Mountain range in New Jersey, United States

The Pimple Hills are a range of the New York-New Jersey Highlands region of the Appalachian Mountains. The summit, reaching a height of 1122 ft, lies within Sussex County, New Jersey.

==Geography==
The Pimple Hills lie between the Sparta Valley on the southeast, drained by the Wallkill River, and Germany Flats to the northwest, a portion of the Kittatinny Valley.

==Geology==
The Pimple Hills are part of the Reading Prong of the New England Upland subprovince of the New England province of the Appalachian Highlands. The rocks that form the Pimple Hills are comprised from the same belt that make up other mountains nearby.
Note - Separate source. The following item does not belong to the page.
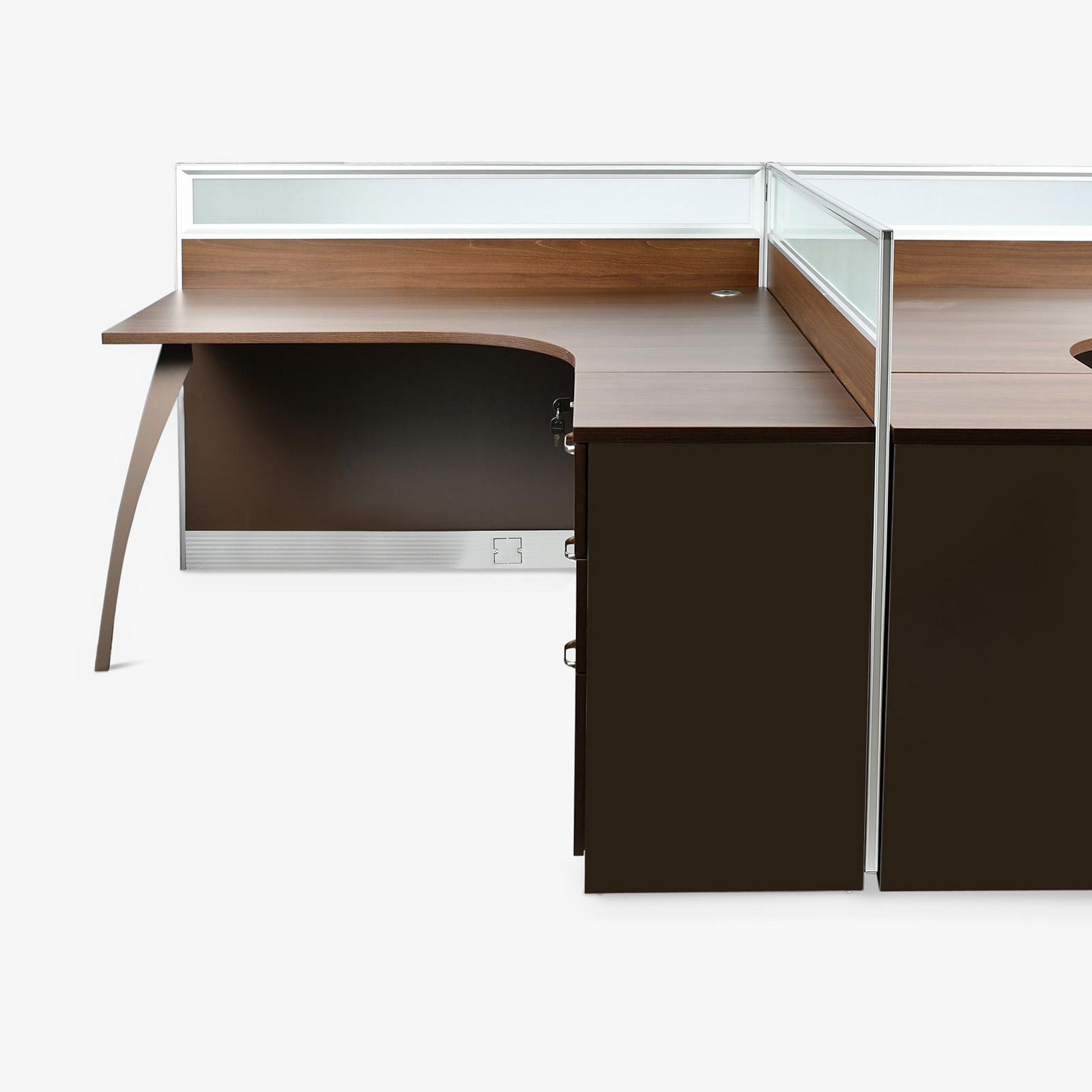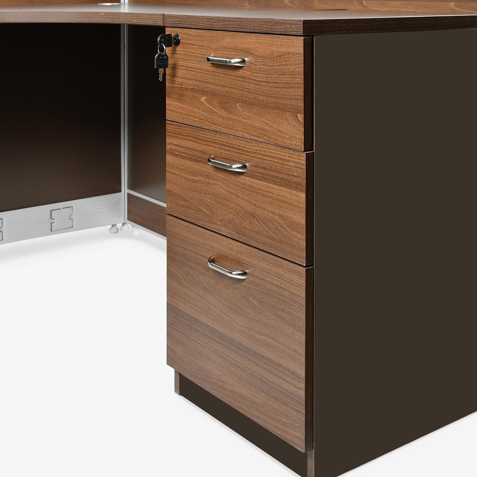 L-Shaped Single person Workstation – right oriented with metal leg and 3 drawer cabinet with lock. Finish – Melamine Color: Brown Oak + Brown.

This belt, i.e. the Reading Prong, consists of ancient crystalline metamorphic rocks. The New England province as a whole, along with the Blue Ridge province further south, are often together referred to as the Crystalline Appalachians. The Crystalline Appalachians extend as far north as the Green Mountains of Vermont and as far south as the Blue Ridge Mountains, although a portion of the belt remains below the Earth's surface through part of Pennsylvania. The Crystalline Appalachians are distinct from the parallel Sedimentary Appalachians which run from Georgia to New York. The nearby Kittatinny Mountains are representative of these sedimentary formations.

==History==
An 1834 description read,

Pimple Hill, a noted eminence of Hardiston t-ship, Sussex co., near the eastern line of the t-ship.